A FUEL AND A MEDICINE
In The Deadliest Sport, Miriam tells us she cuts up the cakes of animal dung drying in the courtyard to fuel her distillation apparatus. As an alchemist, she is, after all, intent on purifying her elixir to rejuvenate and extend human life. But if she’d collected the dung of camels instead of horses, she wouldn’t have had to dry it at all. Fresh from the animal, it’s already so dry that it burns evenly, slowly, and almost smokelessly.
But that’s not all! When consumed while still warm and fresh, it has a dramatic healing effect on humans suffering from intestinal illnesses such as dysentery. The curative agent, the bacteria Bacillus subtilis, was identified by the Nazi German medical corps in 1941 after hundreds of their soldiers in North Africa were dying from dysentery. Why weren’t the millions of Arabs living there dying of that same disease?
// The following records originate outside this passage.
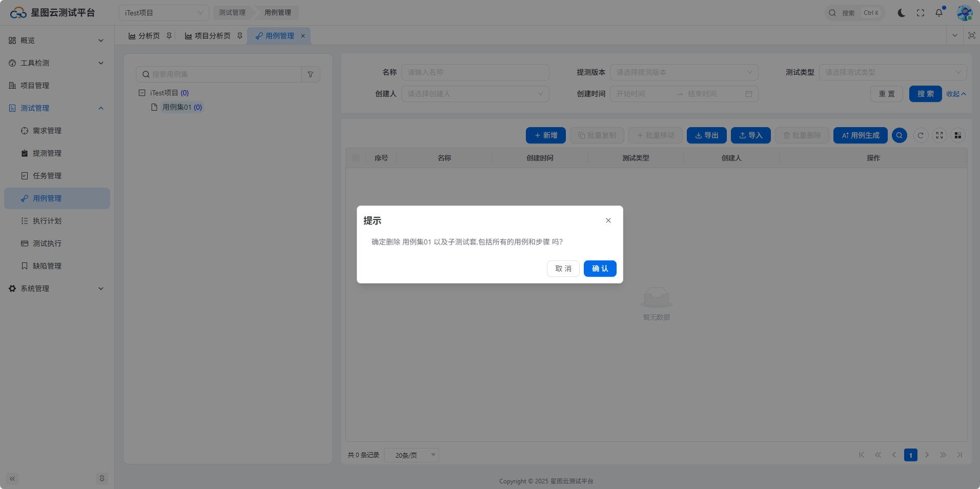 删除用例集:在左侧用例集树中选中一个节点,单击右键在弹出的列表中点击【删除】,弹出二次确认窗口,点击【确认】按钮,用例集删除成功,如下图所示: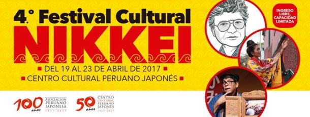 Del Miércoles 19 al Domingo 23 de Abril se realizará en el Centro Cultural Peruano Japonés el 4.° Festival Cultural Nikkei, con un diverso programa de actividades, que buscan celebrar el quehacer cultural de los nikkei, precisamente en el mes en que celebramos los 118 años de la inmigración japonesa al Perú.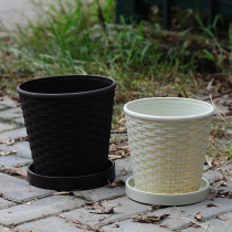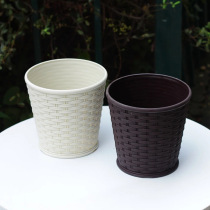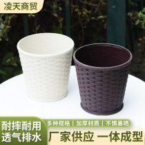 新款仿竹编织树脂塑料花盆大号室内阳台盆栽多肉绿萝植物创意花盆 5个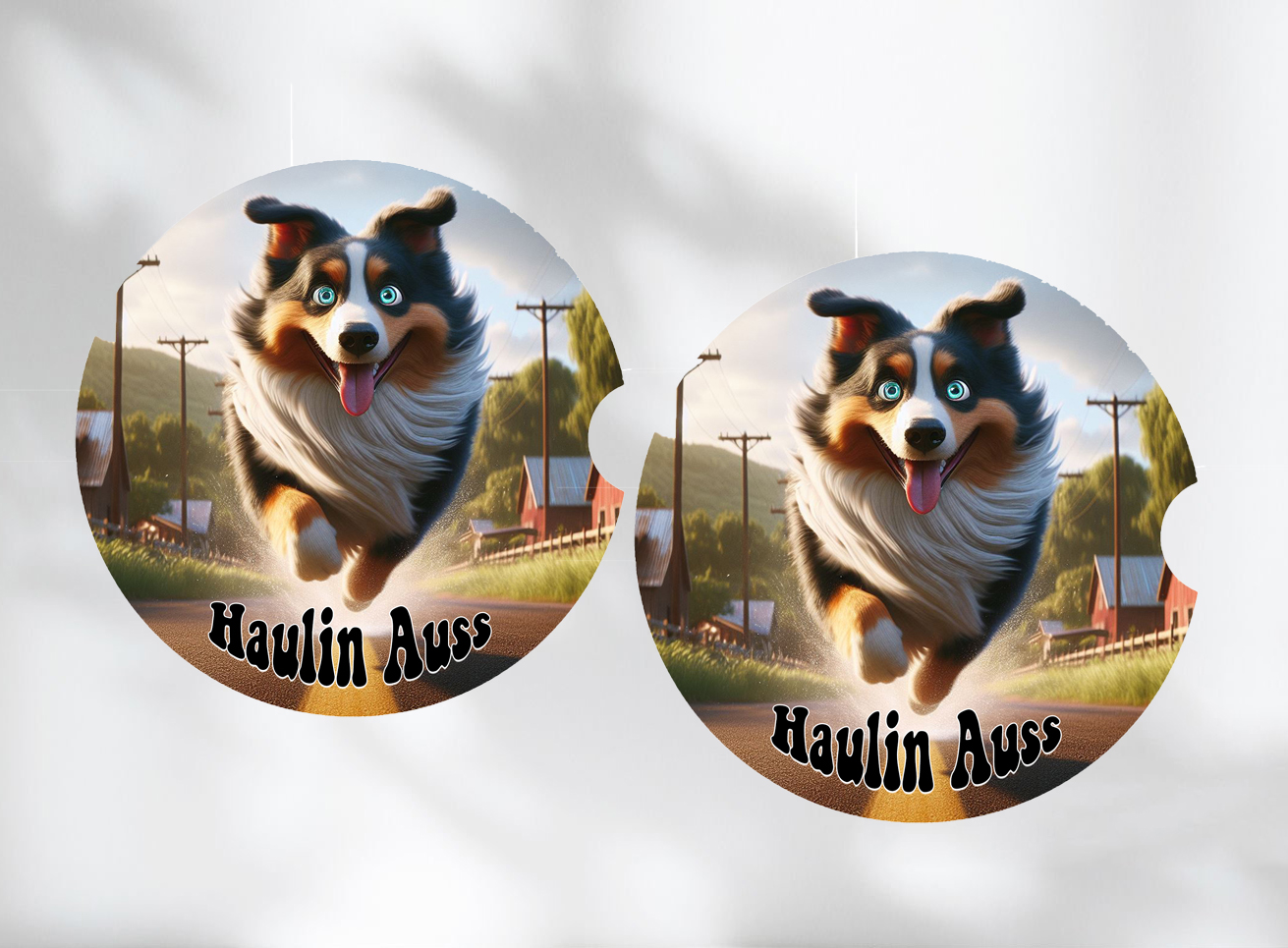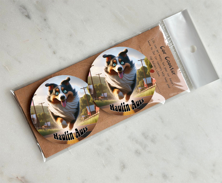 This adorable car coaster set (qty 2) celebrates your co-pilot and the energy that he or she brings. Haulin Auss because what else would they be doing? Our fabulous car coasters keep your cup holders from getting damp and dirty. The coasters measure 2.56 in diameter and fit most standard cup holders. Both the neoprene and the sandstone absorb moisture and won’t  fade or deteriorate over time.

At the first sign of the disease, diarrhea, the affected Arab would follow a camel, pick up its warm droppings, and swallow them. The symptoms were eliminated almost overnight. (Remember this was before the era of synthetic antibiotics.) And so, the Nazis examined the dung, identified the bacteria, and produced thousands of gallons of the active culture to save their troops dying from dysentery.
Years later, the active culture in capsule form became the leading treatment for dysentery and other intestinal diseases. But by the late 1950s, Americans came to prefer the “wonder drugs” produced by the giant pharmaceutical companies, even though they took three times longer and cost five times more than the capsules of the active culture.